(Dataset items)
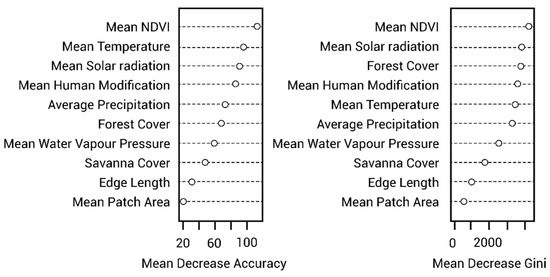 Figure 6. Mean decrease accuracy (MDA) and mean decrease in the Gini coefficient (MDG) of each predictor in the RF model.
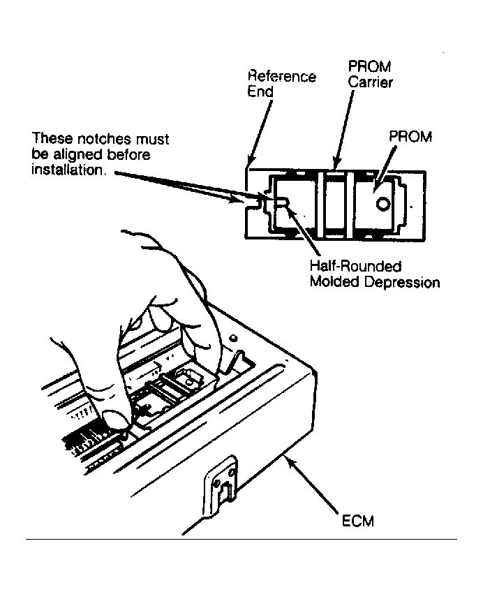 2. Grasp PROM carrier at narrow ends. Gently rock PROM from side to side while pulling up on PROM. Remove PROM from PROM carrier. Note the location of reference notches in the PROM and ECM for reassembly reference. See Fig 1 .
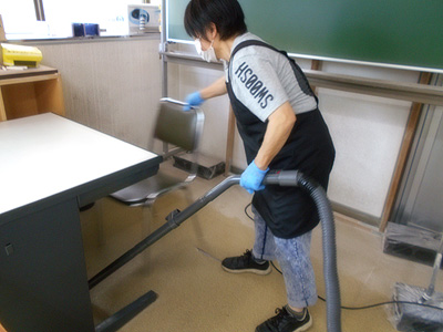 アルコールでの机や椅子の消毒は勿論、フロアも
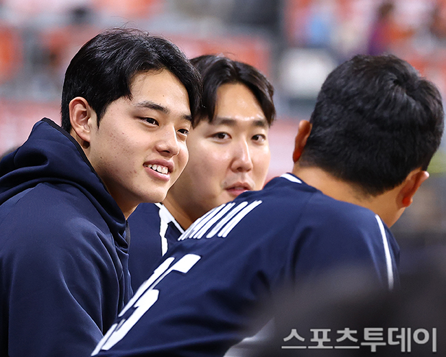 [½ºÆ÷Ã÷Åõµ¥ÀÌ ÆØÇöÁØ ±âÀÚ] 9ÀÏ ¼¿ï °íô½ºÄ«À̵¼¿¡¼ ¿¸° '2025 NAVER K-BASEBALL SERIES' ´ëÇѹα¹°ú üÄÚÀÇ Æò°¡Àü, ¹®µ¿ÁÖ°¡ µ¿·áµé°ú À̾߱⸦ ³ª´©°í ÀÖ´Ù. 2025.11.09.
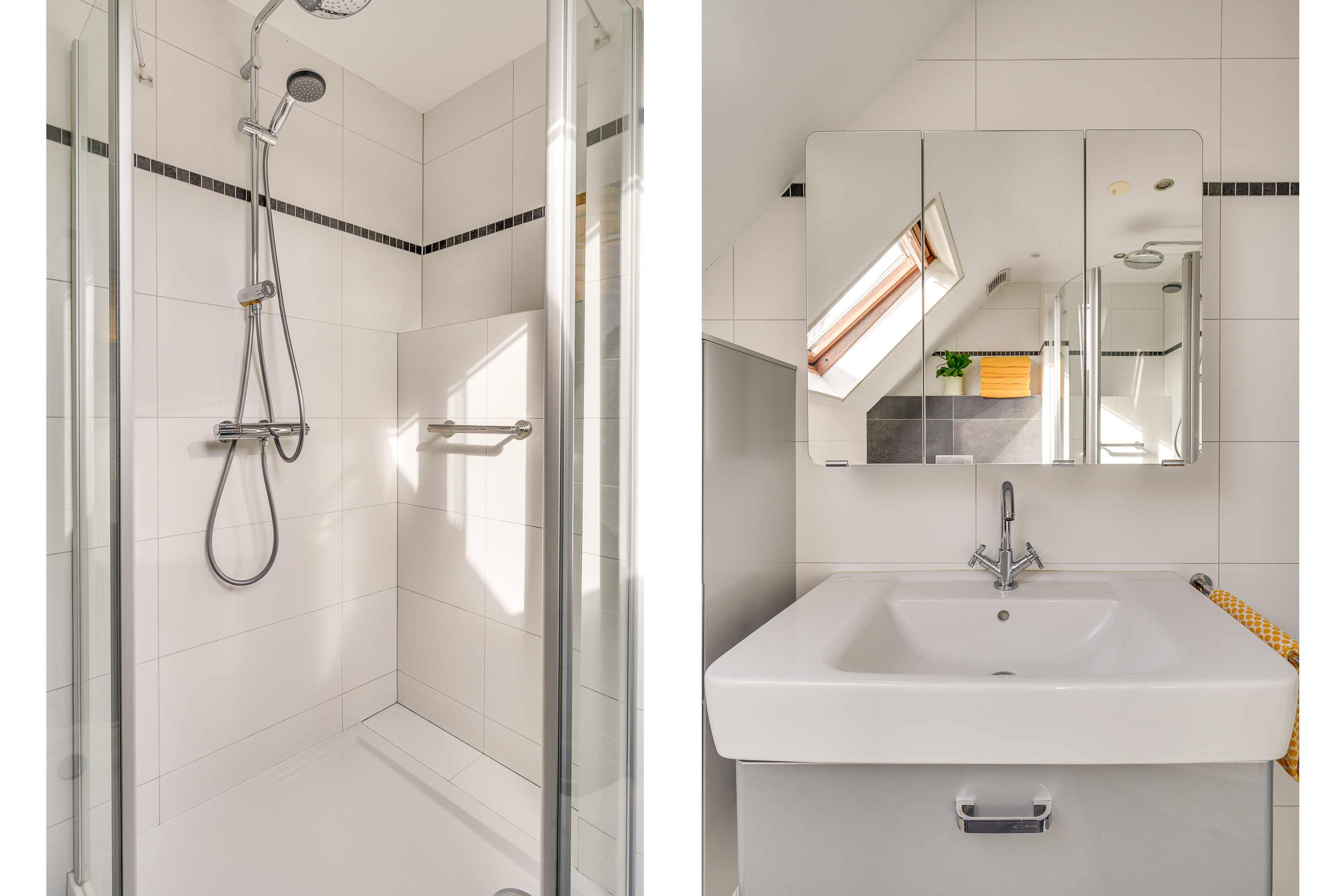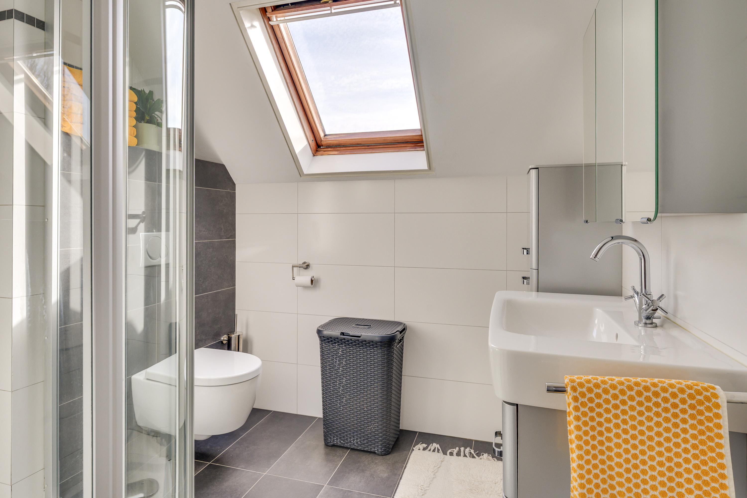 De badkamer is geheel betegeld en voorzien van vloerverwarming. Dankzij het Velux dakraam profiteert u van natuurlijke lichtinval, terwijl de mechanische ventilatie zorgt voor een prettig binnenklimaat. De ruimte is uitgerust met een wastafel met meubel, een douchecabine en een hangcloset.

## TASK OBJECTIVE:
Your task is to repeat the records exactly. Images do not belong in the copy.

## SOLUTION FOR THIS TASK:
 Figure 6. Mean decrease accuracy (MDA) and mean decrease in the Gini coefficient (MDG) of each predictor in the RF model.
 2. Grasp PROM carrier at narrow ends. Gently rock PROM from side to side while pulling up on PROM. Remove PROM from PROM carrier. Note the location of reference notches in the PROM and ECM for reassembly reference. See Fig 1 .
 アルコールでの机や椅子の消毒は勿論、フロアも
 [½ºÆ÷Ã÷Åõµ¥ÀÌ ÆØÇöÁØ ±âÀÚ] 9ÀÏ ¼¿ï °íô½ºÄ«À̵¼¿¡¼ ¿¸° '2025 NAVER K-BASEBALL SERIES' ´ëÇѹα¹°ú üÄÚÀÇ Æò°¡Àü, ¹®µ¿ÁÖ°¡ µ¿·áµé°ú À̾߱⸦ ³ª´©°í ÀÖ´Ù. 2025.11.09.
 De badkamer is geheel betegeld en voorzien van vloerverwarming. Dankzij het Velux dakraam profiteert u van natuurlijke lichtinval, terwijl de mechanische ventilatie zorgt voor een prettig binnenklimaat. De ruimte is uitgerust met een wastafel met meubel, een douchecabine en een hangcloset.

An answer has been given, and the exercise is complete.